_The problem_
With the pictures left out, print exactly the lines below that run from the one containing "여성을위한 디자인 더블" through the one containing "スイートラナンキュラスのバス".

_Records provided_
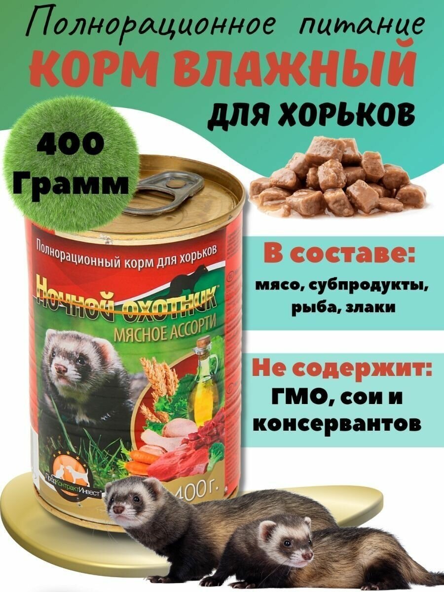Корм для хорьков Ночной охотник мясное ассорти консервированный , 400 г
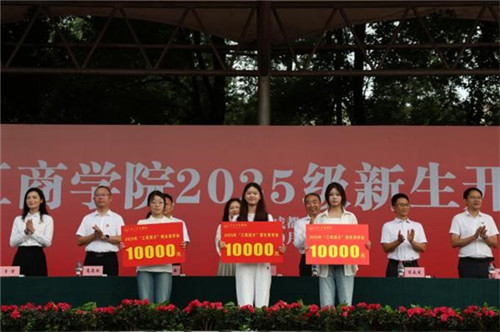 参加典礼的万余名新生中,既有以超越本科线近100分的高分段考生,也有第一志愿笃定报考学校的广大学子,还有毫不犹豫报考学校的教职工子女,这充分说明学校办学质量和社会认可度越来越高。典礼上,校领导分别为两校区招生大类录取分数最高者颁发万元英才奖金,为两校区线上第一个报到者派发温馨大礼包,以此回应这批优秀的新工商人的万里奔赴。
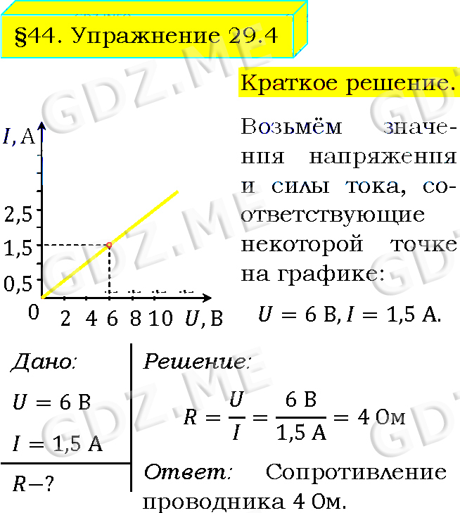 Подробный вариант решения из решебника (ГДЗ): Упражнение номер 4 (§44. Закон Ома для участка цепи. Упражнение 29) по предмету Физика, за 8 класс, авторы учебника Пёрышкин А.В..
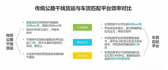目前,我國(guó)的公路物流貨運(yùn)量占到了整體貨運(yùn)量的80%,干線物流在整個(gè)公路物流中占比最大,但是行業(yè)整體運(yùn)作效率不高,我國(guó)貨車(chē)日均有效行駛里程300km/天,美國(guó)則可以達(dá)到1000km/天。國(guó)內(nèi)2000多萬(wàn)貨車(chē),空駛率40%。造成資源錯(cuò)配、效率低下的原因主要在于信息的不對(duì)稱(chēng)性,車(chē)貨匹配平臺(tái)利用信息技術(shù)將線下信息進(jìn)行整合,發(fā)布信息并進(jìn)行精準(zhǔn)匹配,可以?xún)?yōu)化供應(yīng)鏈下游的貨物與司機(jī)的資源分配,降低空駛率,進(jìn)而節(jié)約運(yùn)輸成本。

...

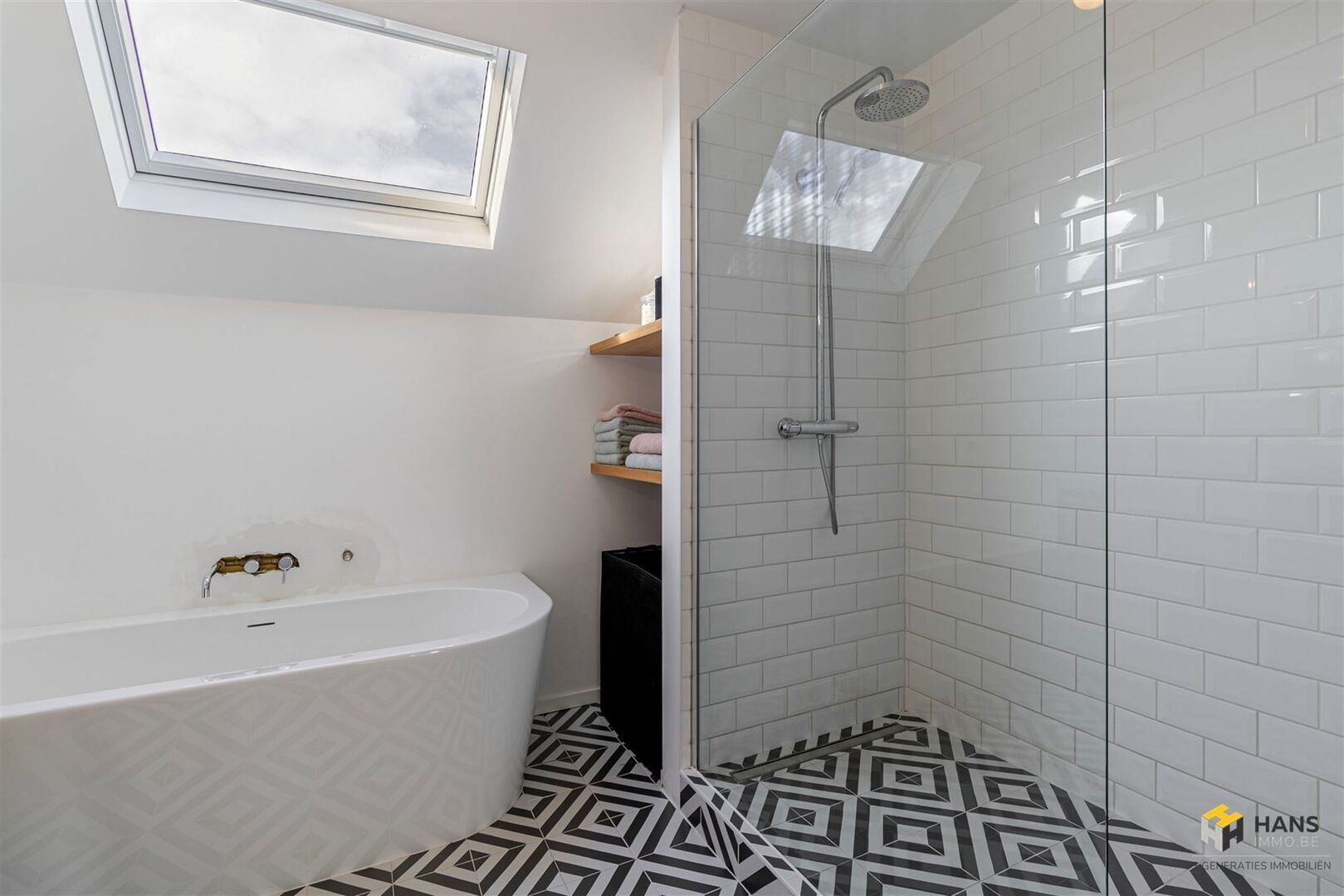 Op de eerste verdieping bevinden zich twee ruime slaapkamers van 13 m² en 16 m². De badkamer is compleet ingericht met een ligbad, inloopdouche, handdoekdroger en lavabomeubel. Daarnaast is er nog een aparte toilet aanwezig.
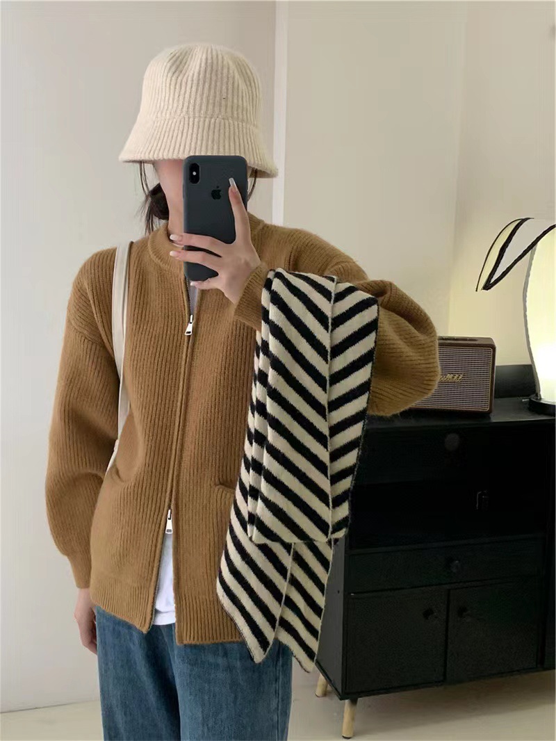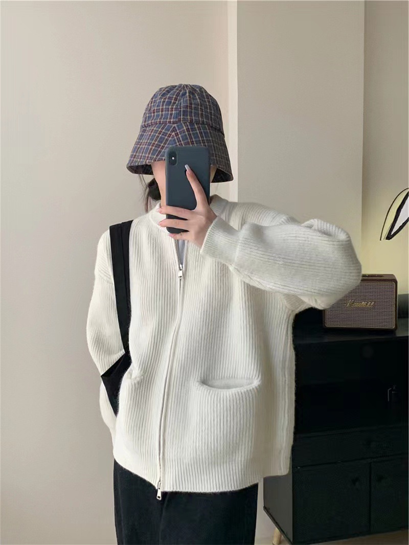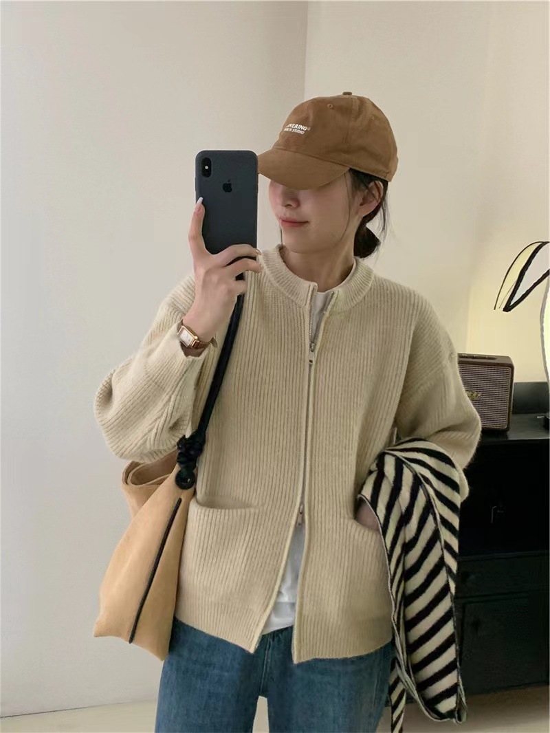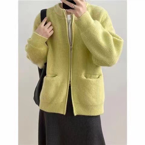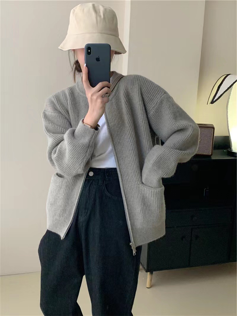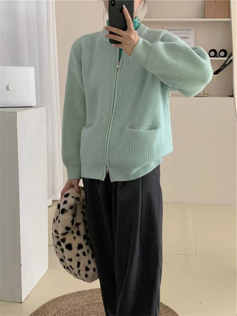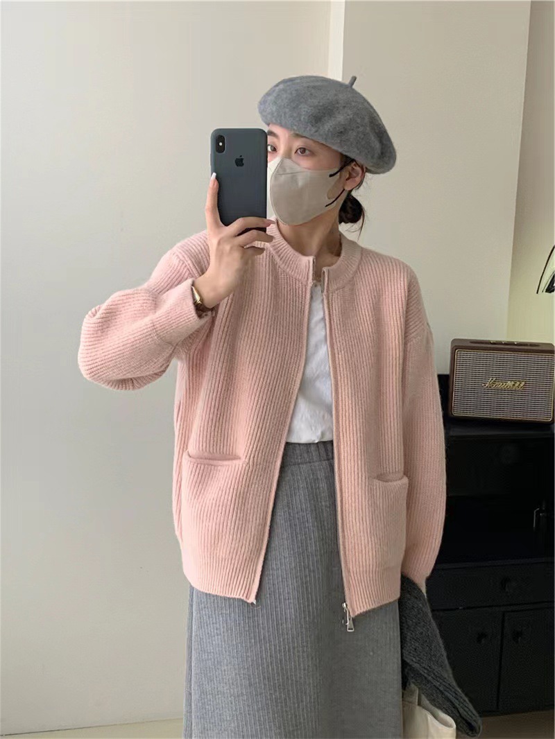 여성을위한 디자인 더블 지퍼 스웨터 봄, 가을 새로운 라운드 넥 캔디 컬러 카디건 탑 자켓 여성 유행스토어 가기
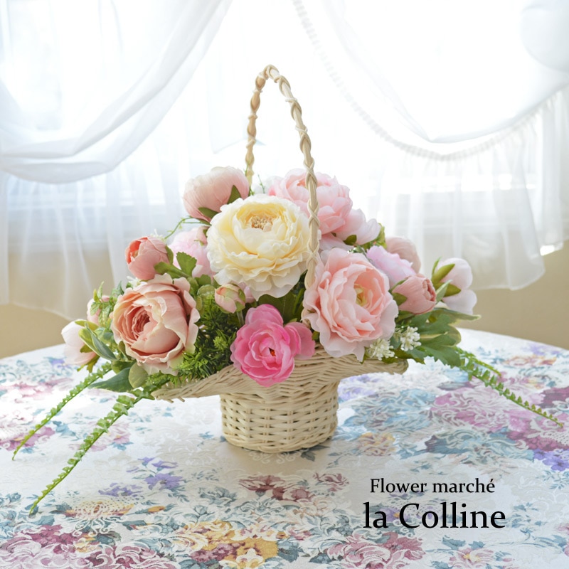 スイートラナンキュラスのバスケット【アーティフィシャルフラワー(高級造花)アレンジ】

_Answer space_
 여성을위한 디자인 더블 지퍼 스웨터 봄, 가을 새로운 라운드 넥 캔디 컬러 카디건 탑 자켓 여성 유행스토어 가기
 スイートラナンキュラスのバスケット【アーティフィシャルフラワー(高級造花)アレンジ】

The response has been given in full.